Rússia apoderou-se formalmente da central nuclear de Zaporijia

A central de Zaporijia, a maior central nuclear da Europa, está nas mãos das tropas russas desde o início de março.

Photo by Zaporizhzhia Nuclear Power Plant/Anadolu Agency via Getty Images)

A Rússia apropriou-se formalmente esta quarta-feira da central nuclear de Zaporijia, no sul da Ucrânia, ocupada militarmente há meses, o que levou o diretor-geral da Agência Internacional de Energia Atómica (AIEA) a viajar de urgência para Kiev.

A Rússia “irá gerir as instalações nucleares da central (…) como propriedade federal”, refere o decreto, assinado nesta quarta-feira pelo Presidente russo, Vladimir Putin.

O diretor-geral da AIEA, Rafael Grossi, anunciou a sua partida imediata para Kiev para “discutir o estabelecimento de uma zona de proteção” à volta da central nuclear ucraniana em Zaporijia, a maior da Europa.

“A caminho de Kiev para reuniões importantes. A necessidade de uma zona de proteção ao redor da central [nuclear] é mais urgente do que nunca”, referiu Rafael Grossi, numa mensagem divulgada através da rede social Twitter.

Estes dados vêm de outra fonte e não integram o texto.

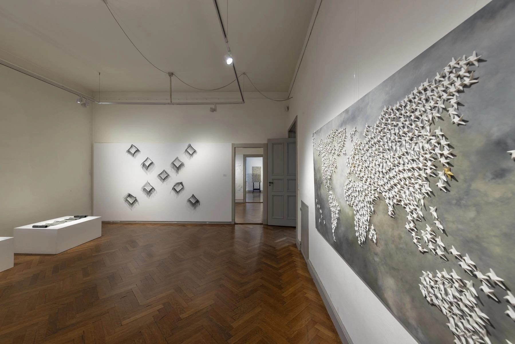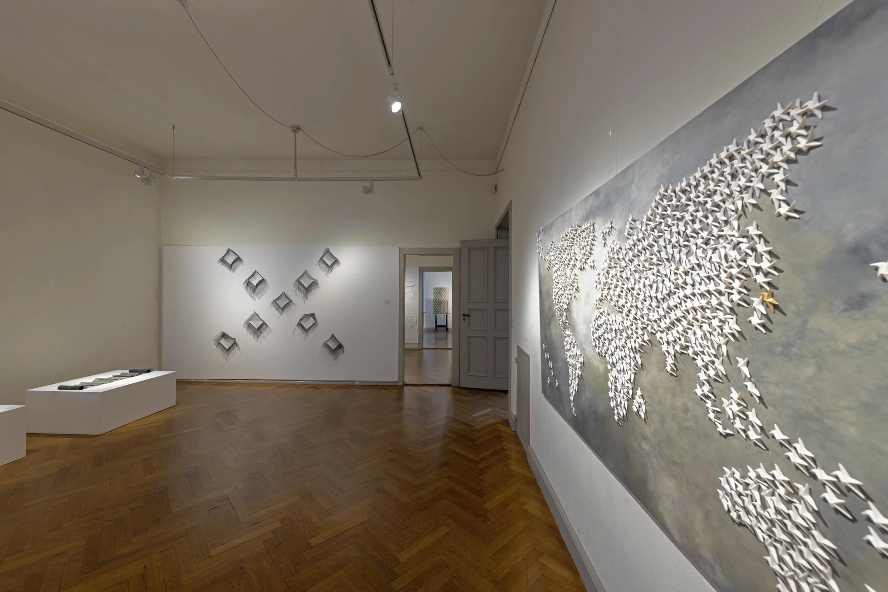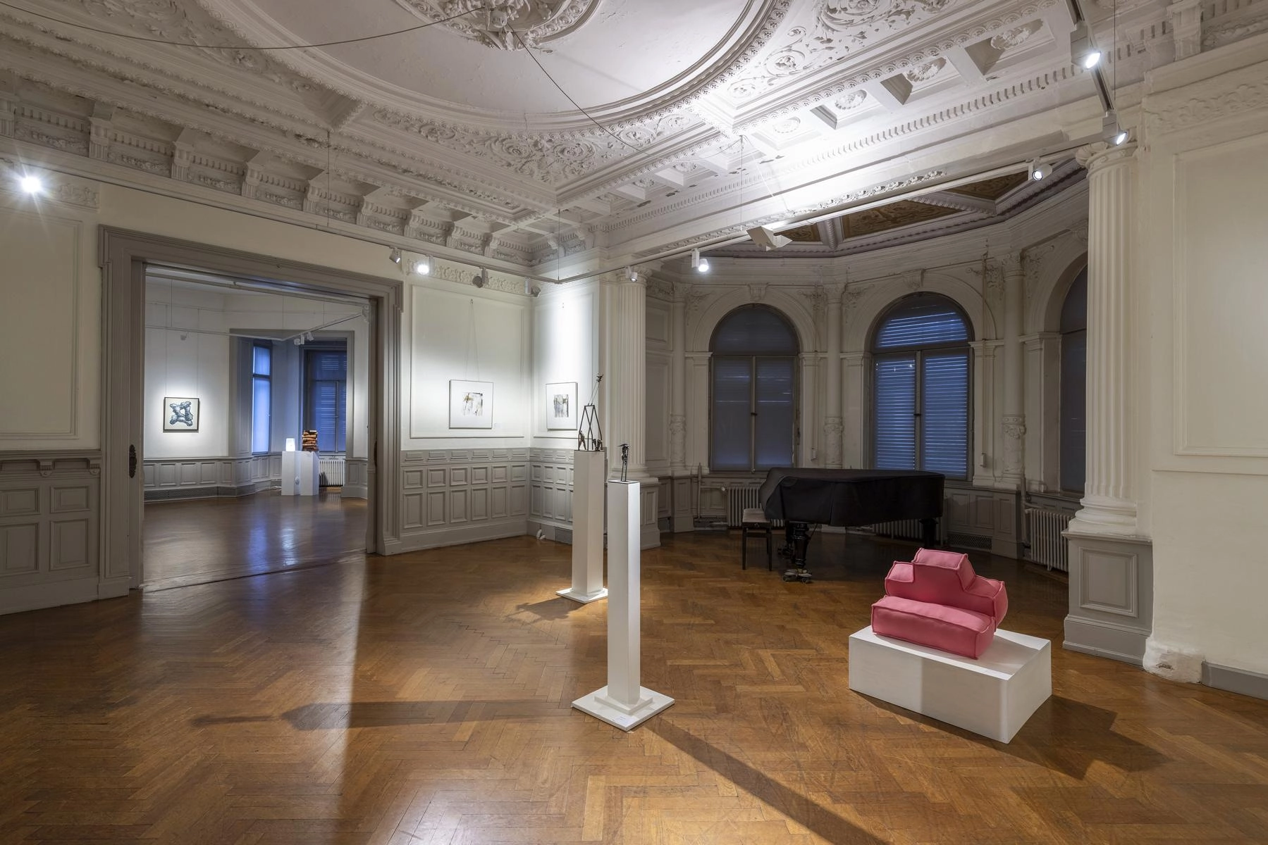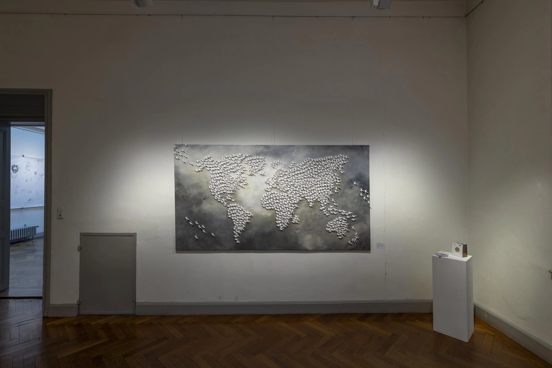 Riesige zerknüllte Zeichnungen quellen aus den Türen eines Raumes und versperren den Zugang zur Präsentation von Henrike Franz´ produktiver Zeichenarbeit. Aus Pelzkrägen - ehemals Zeichen von Luxus - formt Christa Hoppe die Idealform eines Kleides. 600 Zeichnungen aus dem "Kronach Korpus" von Hubert Sowa umgeben als Universum eine aus einem Stamm geschnitzte Skulptur von Fritz Hermann. Göttergleich ziehen nach Macht und Geld strebende Autokraten über einen Fries von Franziska Erb-Bibo. Ein Datum, von Johanna Galefske eingearbeitet in ein Metallrelief, gemahnt an den Tag im Jahr, an dem die verbrauchten Ressourcen deren natürliche Regeneration übersteigen. Machthungrige von Moriskentänzern inspirierte Wesen aus Mensch und Tier vereint Ulla Reiter zu einem surrealen Tanz im Dickicht der politischen Entwicklungen. Auf Verschwendung und übermäßigen Konsum weisen die Buntstiftzeichnungen von Katharina Heubner hin. Was ist wesentlich? Mit dieser Frage befassen sich die leisen Bilder von Gudrun Schüler und bilden einen Gegensatz zu dem Lauten, das in unserer Gesellschaft überhandzunehmen scheint. Adelbert Heil geht das Thema figürlich an: immer höher und weiter steigt seine Figur auf einer Leiter und steigt letztlich durch eine Öffnung ins Ungewisse.

A viagem, que estava marcada para esta semana mas que passou a ter caráter urgente, tem como objetivo “continuar as consultas” para estabelecer um dispositivo de proteção da central “o mais rapidamente possível”, indicou a AIEA.

A central de Zaporijia, localizado na região com o mesmo nome, um dos territórios ucranianos anexados pela Rússia na sexta-feira, perto da linha de demarcação entre os territórios controlados por Kiev e os ocupados por Moscovo, está nas mãos de tropas russas desde o início de março.

Moscovo e Kiev acusam-se mutuamente de bombardeamentos ao local há vários meses, levantando o espetro de um grande desastre nuclear, semelhante ao de Chernobyl, em 1986.

O seu diretor, Igor Murachov, foi detido pela Rússia na sexta-feira, tendo a AIEA afirmado que não irá retomar as suas funções na central, embora a agência internacional não saiba ainda quem o substituirá.

Embora Kiev defenda uma zona desmilitarizada à volta da central, Rafael Grossi pediu, em setembro, para “se manter as coisas simples”, considerando que “a Ucrânia e a Rússia devem concordar com o princípio muito simples de não atacar ou bombardear a central” e devem comprometer-se “a que nenhuma ação militar tenha como alvo a central ou os seus arredores”.

O Presidente russo ratificou ainda as leis que reivindicam a anexação de quatro regiões da Ucrânia – Donetsk, Lugansk, Kherson e Zaporijia – depois de um referendo realizado na semana passada, que a maior parte da comunidade internacional não reconheceu.